● PROBLEM REQUIREMENTS
Exact duplicates of the lines from the top of the data through the line containing "RJ45-带屏蔽带灯8P8C镂空卧式" are needed, with every picture left out.

[Records excerpted from a collection]
[Start of section]

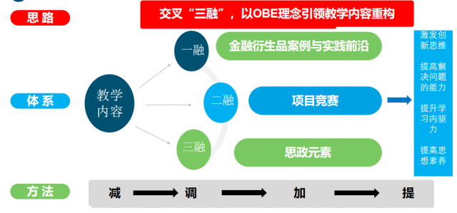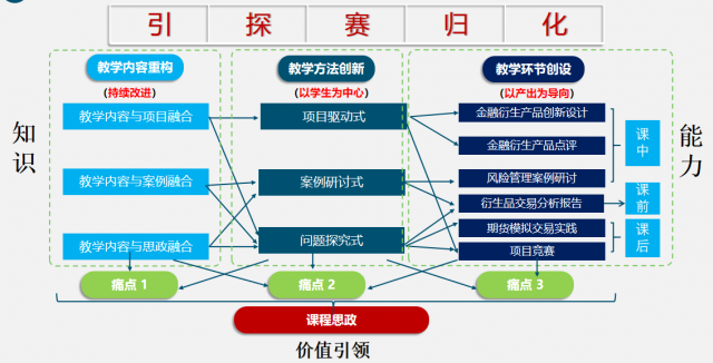 传统金融工程教学重视理论的系统性、知识的连贯性、但忽视了学生的创新意识和解决问题能力的培养。授课过程大多采用灌输式教学,忽略了实践化教学和特色化教学,导致学生对于运用金融工程理论和思维解决金融实际问题的能力较弱,难以激发学生的创新精神、质疑批判精神。因此本课程以经典金融衍生产品评点和金融衍生产品创新设计为驱动开展教学,加强师生、生生之间的互动,着重培养学生的创新思维和创新精神;以“郑商所杯”全国大学生金融模拟交易大赛、“工行杯”金融科技创新大赛等赛事为依托,进行课外拓展、以赛促学,提高学生综合运用所学知识解决金融实际问题的能力,打通学生所教与所需难以同步的“痛点”。
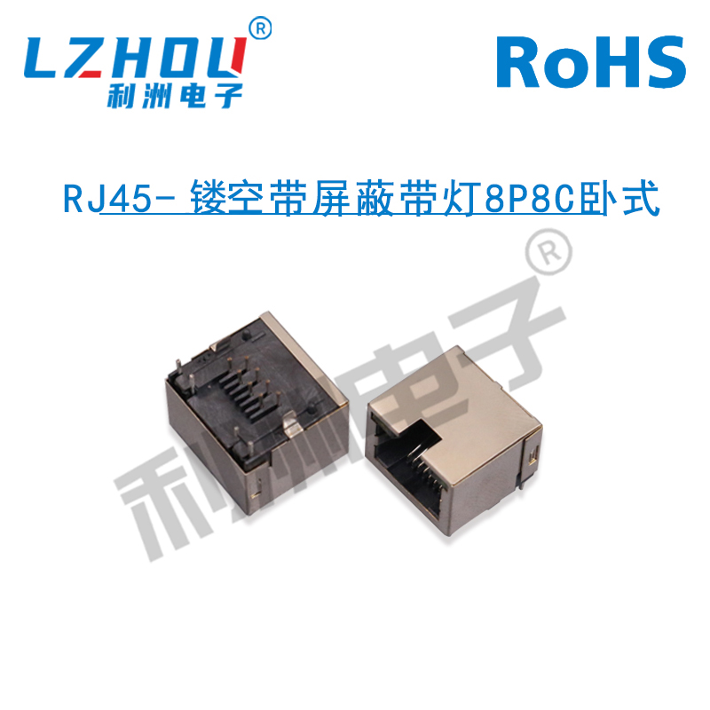 RJ45-带屏蔽带灯8P8C镂空卧式
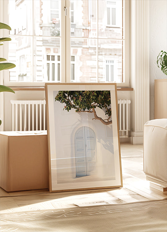 Niebieskie drzwi, plakat z architekturą śródziemnomorską
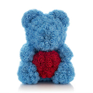 Rose Bear in Light Blue with Red Heart
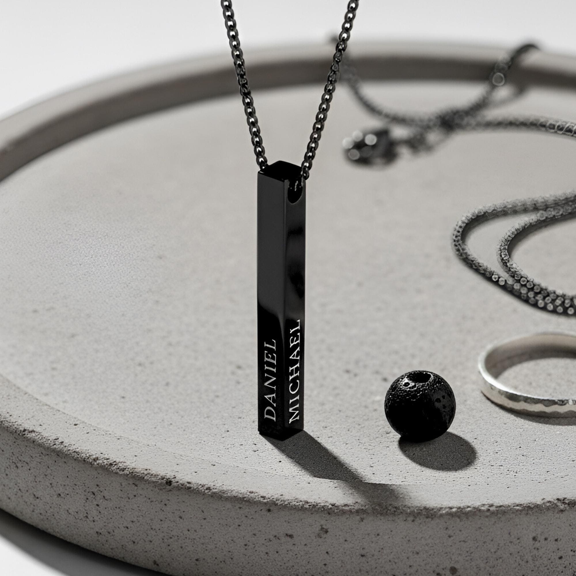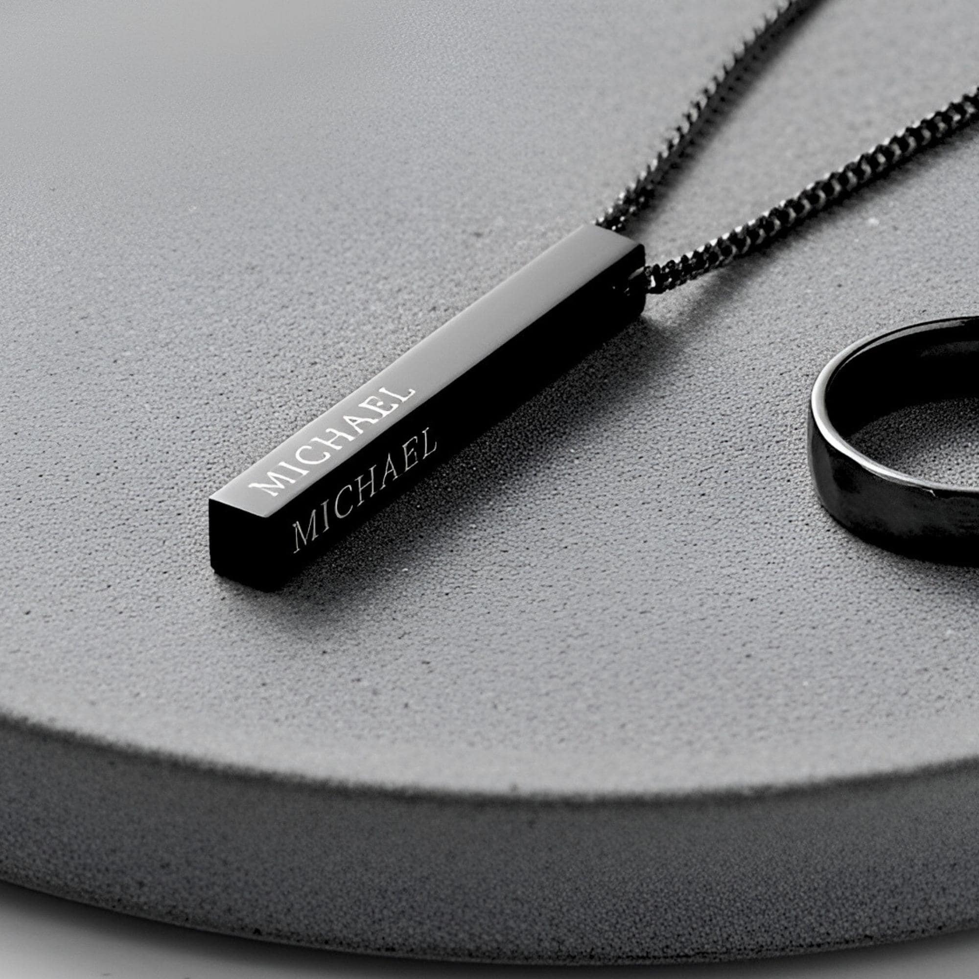 This sleek Black 3D Bar Necklace is the perfect personalized gift for Dad.

[End of section]

● ANSWER BELOW
 传统金融工程教学重视理论的系统性、知识的连贯性、但忽视了学生的创新意识和解决问题能力的培养。授课过程大多采用灌输式教学,忽略了实践化教学和特色化教学,导致学生对于运用金融工程理论和思维解决金融实际问题的能力较弱,难以激发学生的创新精神、质疑批判精神。因此本课程以经典金融衍生产品评点和金融衍生产品创新设计为驱动开展教学,加强师生、生生之间的互动,着重培养学生的创新思维和创新精神;以“郑商所杯”全国大学生金融模拟交易大赛、“工行杯”金融科技创新大赛等赛事为依托,进行课外拓展、以赛促学,提高学生综合运用所学知识解决金融实际问题的能力,打通学生所教与所需难以同步的“痛点”。
 RJ45-带屏蔽带灯8P8C镂空卧式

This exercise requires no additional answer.